May 1st, 2008 at 10:26 am (2 weeks, 2 days ago) by Jeffrey Harris under Chandler Product News, How I Use Chandler

In the early days of free e-mail accounts, I lived in a close-knit rural community. My close friends and I thought e-mail was the best thing ever invented, and we’d make all sorts of plans entirely by e-mail. What could be more simple and effective? It turned out almost anything.

While my closest friends all checked their e-mail hourly, many of my other friends had work that wasn’t sitting in front of a computer. Many of them got e-mail accounts only grudgingly, and checked them maybe weekly. I was constantly wasting time expecting people to have read my email proposals. Eventually, I learned that I had to kill trees if I wanted people to hear what I had to say.

Applications, even paradigm shifting applications, are only useful if you use them. Obvious though this may be, it’s critical in determining whether a tool is valuable in practice.

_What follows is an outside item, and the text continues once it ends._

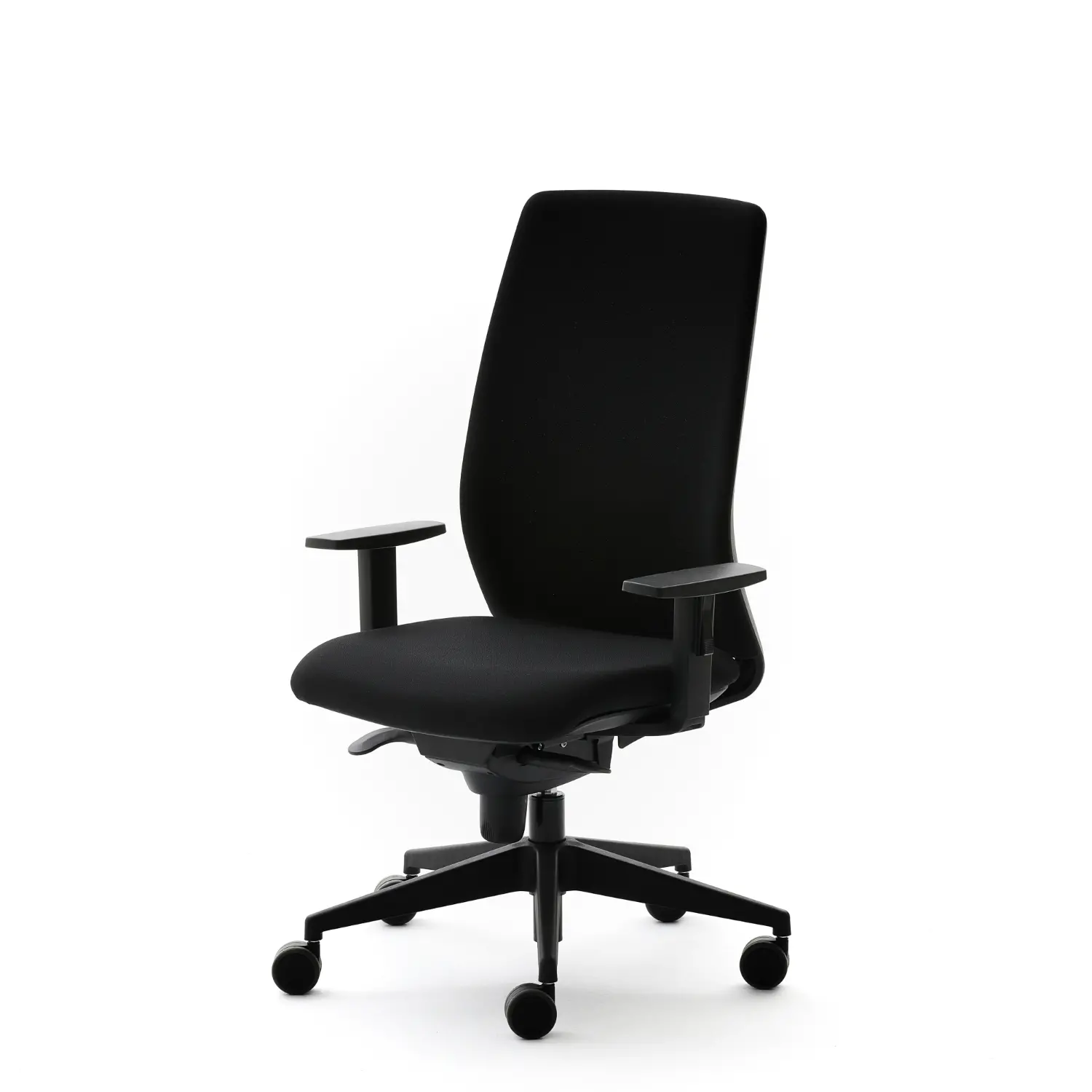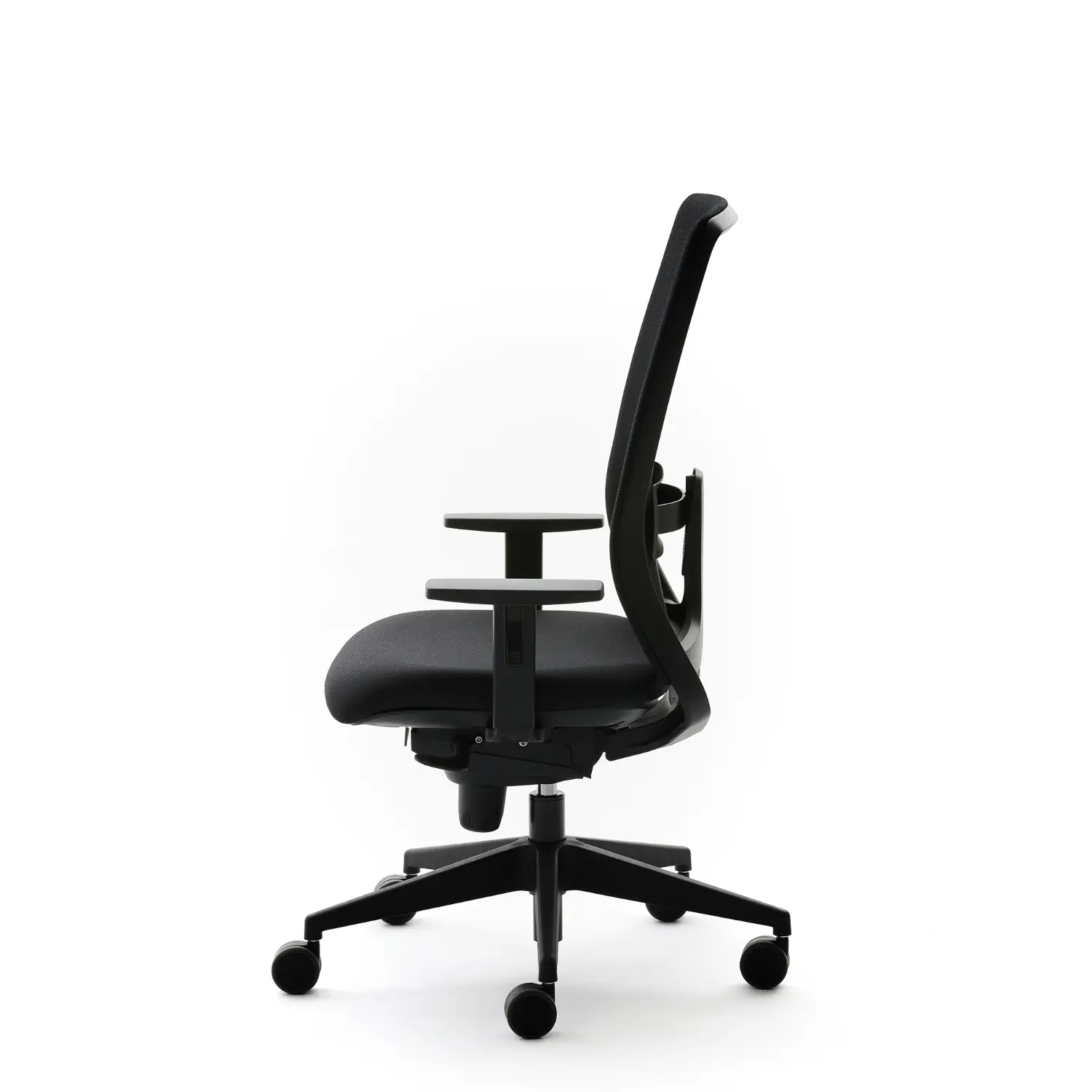 Silla operativa con ruedas de 65mm autofrenadas, mecanismo Sincro 5p con trasla, respaldo de malla, tensor lumbar flexible

In my day to day use of Chandler, I often close the application down and forget to open it up again. When I want to go check whether I can schedule an event, or find some other specific piece of information, I go and load Chandler, no sweat. But when I have an idea or something I need to remember to do, I often just create an (electronic) sticky or emacs file or send an email to myself to track it.

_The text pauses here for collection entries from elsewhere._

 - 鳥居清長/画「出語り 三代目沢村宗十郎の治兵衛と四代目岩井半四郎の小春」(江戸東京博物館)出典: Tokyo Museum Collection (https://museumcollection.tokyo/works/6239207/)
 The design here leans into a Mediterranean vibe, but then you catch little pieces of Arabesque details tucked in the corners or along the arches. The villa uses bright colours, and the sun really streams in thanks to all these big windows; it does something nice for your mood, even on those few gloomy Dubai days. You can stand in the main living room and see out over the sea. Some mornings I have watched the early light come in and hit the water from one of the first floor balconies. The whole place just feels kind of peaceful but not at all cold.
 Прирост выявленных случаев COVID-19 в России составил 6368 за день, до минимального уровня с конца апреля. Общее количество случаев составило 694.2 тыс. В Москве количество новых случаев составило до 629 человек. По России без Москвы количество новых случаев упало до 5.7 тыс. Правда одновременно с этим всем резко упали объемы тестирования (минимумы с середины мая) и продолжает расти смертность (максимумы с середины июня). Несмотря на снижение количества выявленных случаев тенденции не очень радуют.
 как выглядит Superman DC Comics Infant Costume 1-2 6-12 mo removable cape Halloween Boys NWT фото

This is a hassle! I love Chandler’s organization of my calendar, random thoughts, and tasks, especially the ability to set something to come back to my attention later. But I’m not getting us much advantage from this as I’d like, because I still have so many tasks not in Chandler. The truth is, I don’t need all that organizational power most of the time. Often, I’d just like to quickly jot down a task.

To make it easier for everyone in my position to add tasks to their Chandler collections, today we’re announcing Chandler Quick Entry for iGoogle. OK, maybe this doesn’t make anything easier for Nepalese babies. But hopefully it’ll be helpful for people who use Chandler Hub and iGoogle.

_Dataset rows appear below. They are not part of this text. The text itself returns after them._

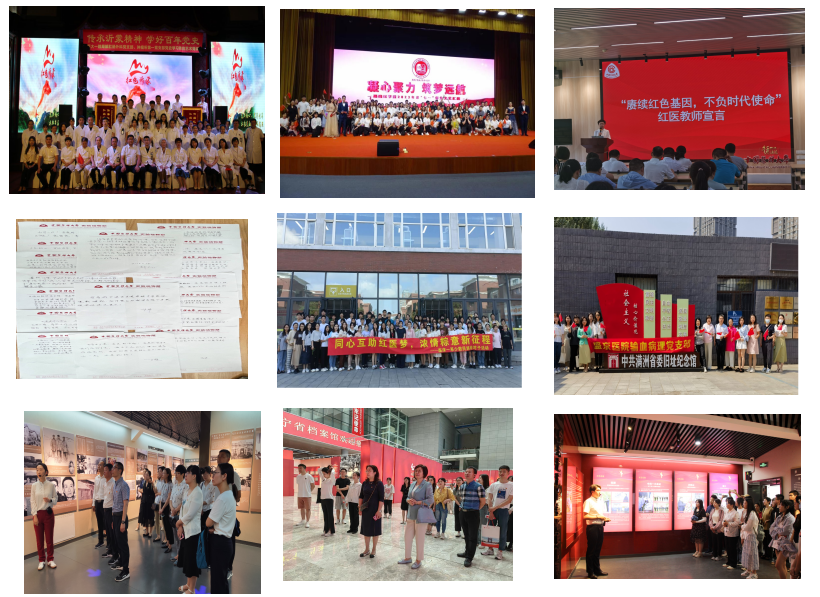 各基层党组织围绕“忠诚固根本、建功新突破”主题,用好辽宁“六地”等省内红色资源,积极创新活动载体,开展了一系列主题党日活动。附属第一医院开展“水乳交融,生死与共”沂蒙精神宣讲会,基础医学院举办“凝心聚力,筑梦远航”迎“七一”师生文艺汇演,智能医学学院开展“赓续红色基因,不负时代使命”红医教师宣言活动,实验动物部举行“献礼‘七一’,向党说句心里话”活动,临床一系举办“同心互助红医梦,浓情粽意新征程”少数民族结对子暨特色党日活动……广大师生党员用红色基因诠释忠诚担当,涵养新时代红医传人的良好品格。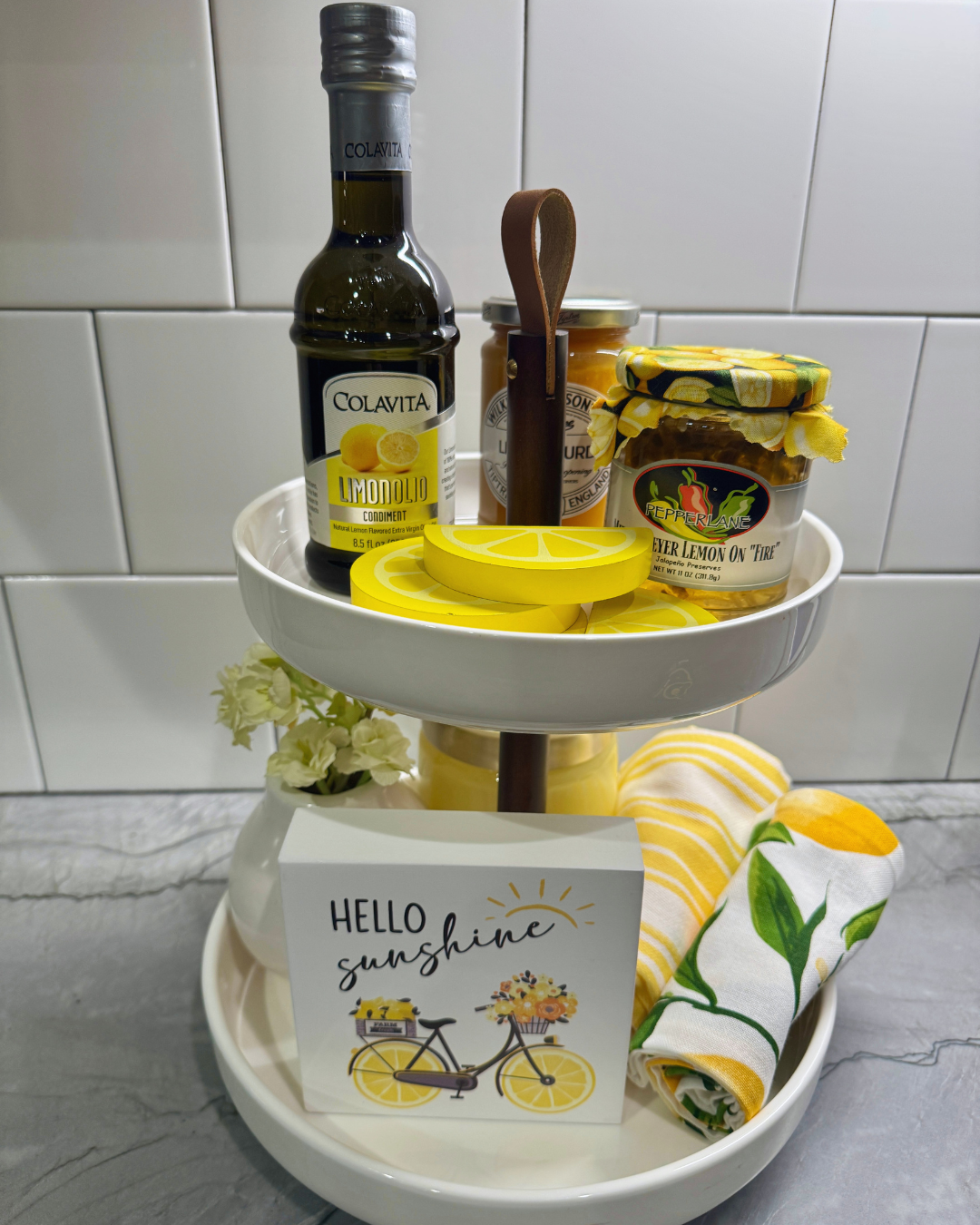 I always have this small tiered tray on our kitchen desk and I change out the decor based on the current holidays or season. I felt bored with the items I usually use, so I went with something totally different and bought several lemon themed items on Amazon. It makes me feel happy!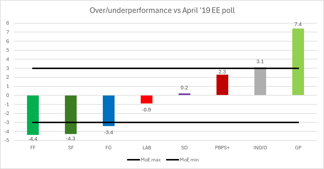 First though, some context. When we look at the last election in 2019, the best comparison point on national figures is the Red C poll published April 17th, for the vote on May 24th. On a raw vote level it wasn’t great – with Sinn Féin, Fianna Fáil, Fine Gael, Independents and the Green Party all being missed by more than the margin of error. While part of this can be attributed to movements during the last month of the campaign, as we’ll see below, closer polling also had substantial errors. The Greens, it is worth noting, were particularly underestimated here, far beyond a normal polling error.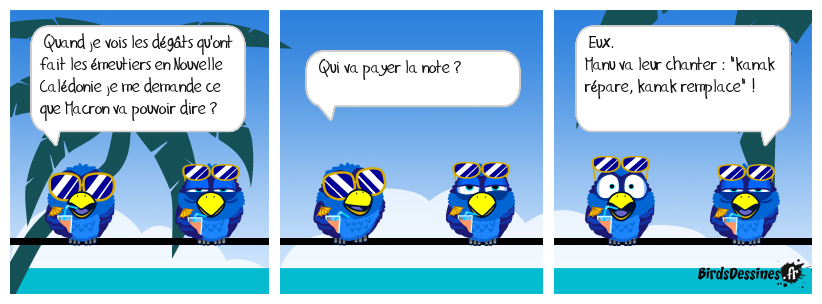 Case 1:Bird 1: Quand je vois les dégâts qu'ont fait les émeutiers en Nouvelle Calédonie je me demande ce que Macron va pouvoir dire ? | Case 2: Bird 1: Qui va payer la note ? | Case 3: Bird 1: Eux. Manu va leur chanter : "kanak répare, kanak remplace" !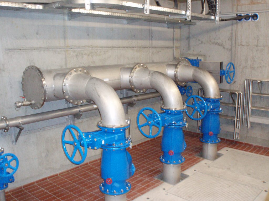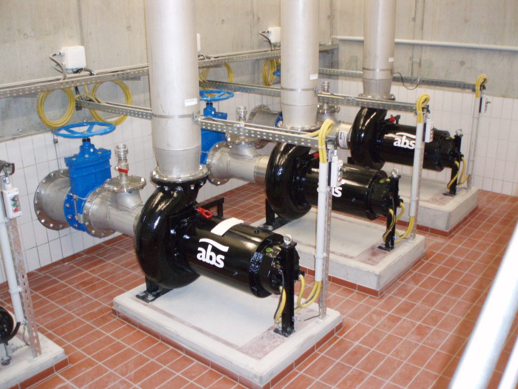Regenrückhaltebecken 3 Stadt Gernsheim, Armaturengruppe Regenwasserpumpen, aufgeräumt und sicher bedienbar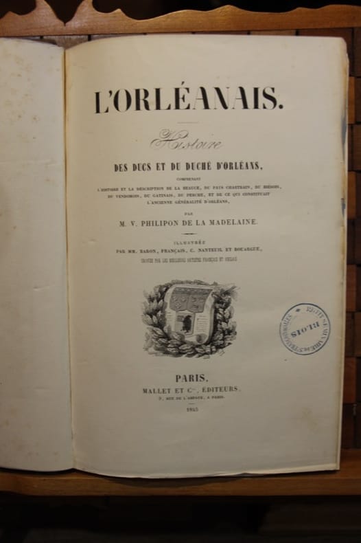 Paris, Éditions Mallet et Cie, 1845. Relié, demi basane, 18,5 cm x 26 cm, VII+ XCX (sic)+ 475 pages, 2 cartes couleur hors-texte, 26 gravures sur acier hors-texte dont des portraits de la famille d’Orléans, nombreuses illustrations in-texte. Texte de M. V. Philippon de la Madelaine, illustrations de Baron, Français, C. Nanteuil et Rouargue, reliure de Habert, relieur à Montereau. Il a été relié à la suite trois textes dont deux sur Napoléon et 39 gravures sur acier, certaines sur chine, pleine page représentant des personnalités ou des monuments. Rousseurs sinon bon état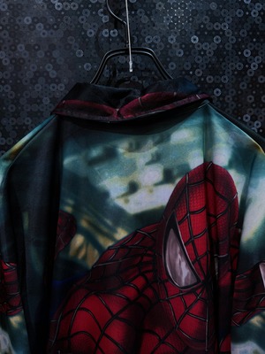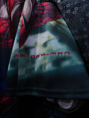 真っ赤なスーツと網目模様が象徴的なスパイダーマンのデザインが、フロント一面に大胆に配置されています。左袖には小さく「SPIDER-MAN」の文字も刺繍されており、公式ライセンス感のあるディテールもポイントです。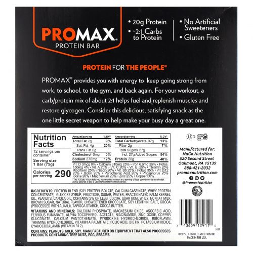 Описание товара NuGo Nutrition, Promax Protein Bar, протеиновый батончик, тесто для печенья с шоколадной крошкой, 12 шт. по 75 г (2,64 унции)

If your homepage is set to Google and you’ve never used iGoogle before, it’s worth a look. You can quickly add a few gadgets with blog feeds, news, or whatever else you’re into. And, now, you can create notes and quickly send them to Chandler Hub. If you use Chandler Desktop to sync your hub collections, your new note will appear in Chandler the next time it’s open and syncs.

Add a Quick Entry gadget to iGoogle

Give it a try and let us know what you think!

 [Note: at the moment, you can’t use Google’s Directory to add the gadget, the directory contains an old, non-functional version of the gadget.  You need to click on the image above to successfully add.]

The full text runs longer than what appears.